Examining the cross-validated error shows that the cross-validation MSE is almost flat for `Lambda` up to a bit over `1e-2`.

Examine `ls.Regularization.Lambda` to find the highest value that gives MSE in the flat region (up to a bit over `1e-2`).

```jj = 1:length(ls.Regularization.Lambda); [jj;ls.Regularization.Lambda]```
```ans = 2×10 1.0000 2.0000 3.0000 4.0000 5.0000 6.0000 7.0000 8.0000 9.0000 10.0000 0 0.0019 0.0045 0.0107 0.0254 0.0602 0.1428 0.3387 0.8033 1.9048 ```

Element `5` of `ls.Regularization.Lambda` has value `0.0254`, the largest in the flat range.

Reduce the ensemble size using the `shrink` method. `shrink` returns a compact ensemble with no training data. The generalization error for the new compact ensemble was already estimated by cross validation in `mse(5)`.

`cmp = shrink(ls,'weightcolumn',5)`
```cmp = CompactRegressionEnsemble PredictorNames: {1x25 cell} ResponseName: 'Symboling' CategoricalPredictors: [16 17 18 19 20 21 22 23 24 25] ResponseTransform: 'none' NumTrained: 8 Properties, Methods ```

The number of trees in the new ensemble has notably reduced from the 300 in `ls`.

Compare the sizes of the ensembles.

```sz(1) = whos('cmp'); sz(2) = whos('ls'); [sz(1).bytes sz(2).bytes]```
```ans = 1×2 91209 3226892 ```

The size of the reduced ensemble is a fraction of the size of the original. Note that your ensemble sizes can vary depending on your operating system.

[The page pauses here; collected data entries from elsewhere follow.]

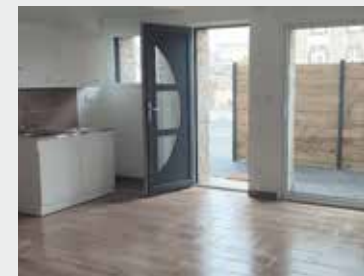
Travaux d'économie d'énergie : isolation, VMC, menuiseries...
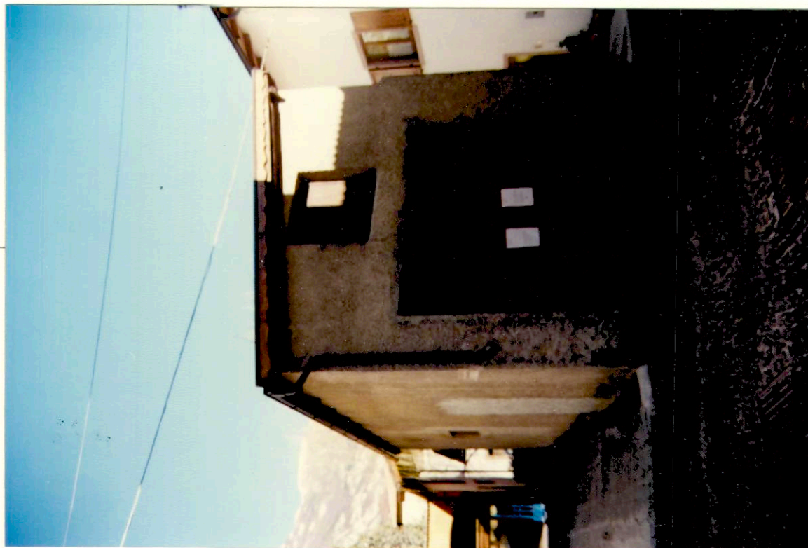
Documentazione fotografica - Immagine 2 (Rif.archivio:negativo__fotogramma__)
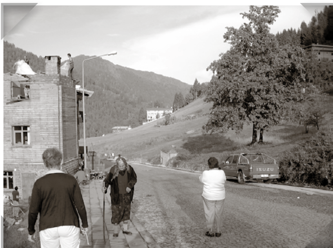
Den lilla gumman kom ner via linbanan i bakgrunden.

Det går inte att beskriva mäktigheten av naturen och synen av det svunna klosterlivet på sådana höjder. Måste bara upplevas!
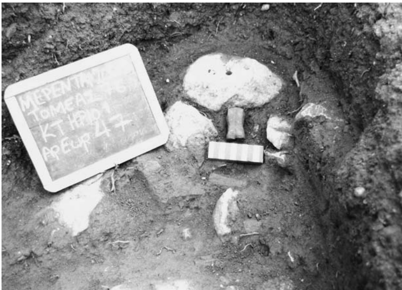
Εικ. 6. Το πήλινο γυναικείο ειδώλιο (αρ. ευρ. 47), όπως βρέθηκε επάνω στο εξωτερικό λιθόκτιστο έδρανο.
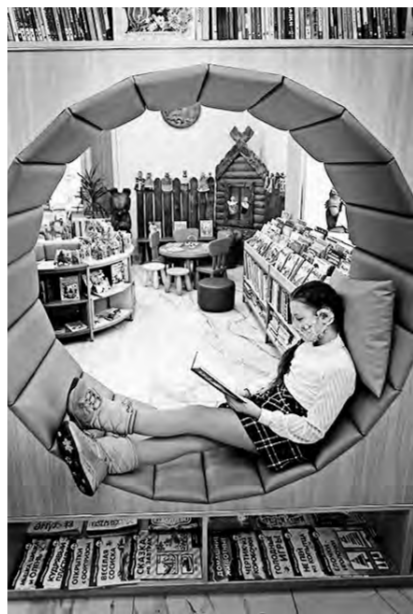
Вот как уютно здесь теперь!
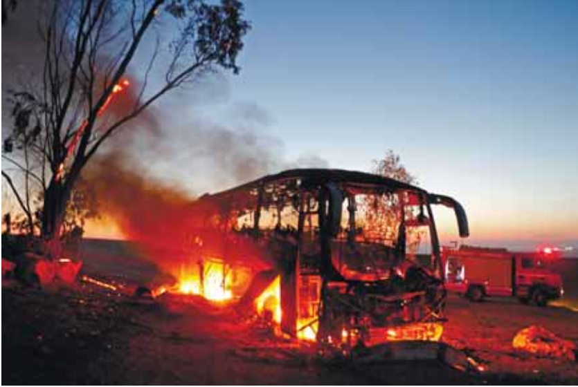
מאת כתב 'המבשר'

על שחיה. אתמול אירע נס גדול שגם החמאס שאינו חשוד בהפג' ניסו כי לעולם חסרו. הבה נתפלל לקב"ה שרנאה ניסים גלויים כפי שאנאמר ה' צבקות עמנו משגב לנו אלוהי יעקב סלה ה' הושיעה המלך יעננו ביום קראנו".

Compare the MSE of the reduced ensemble to that of the original ensemble.

```figure; plot(kfoldLoss(cv,'mode','cumulative')); hold on plot(cmp.NTrained,mse(5),'ro','MarkerSize',10); xlabel('Number of trees'); ylabel('Cross-validated MSE'); legend('unregularized ensemble','regularized ensemble',... 'Location','NE'); hold off```

The reduced ensemble gives low loss while using many fewer trees.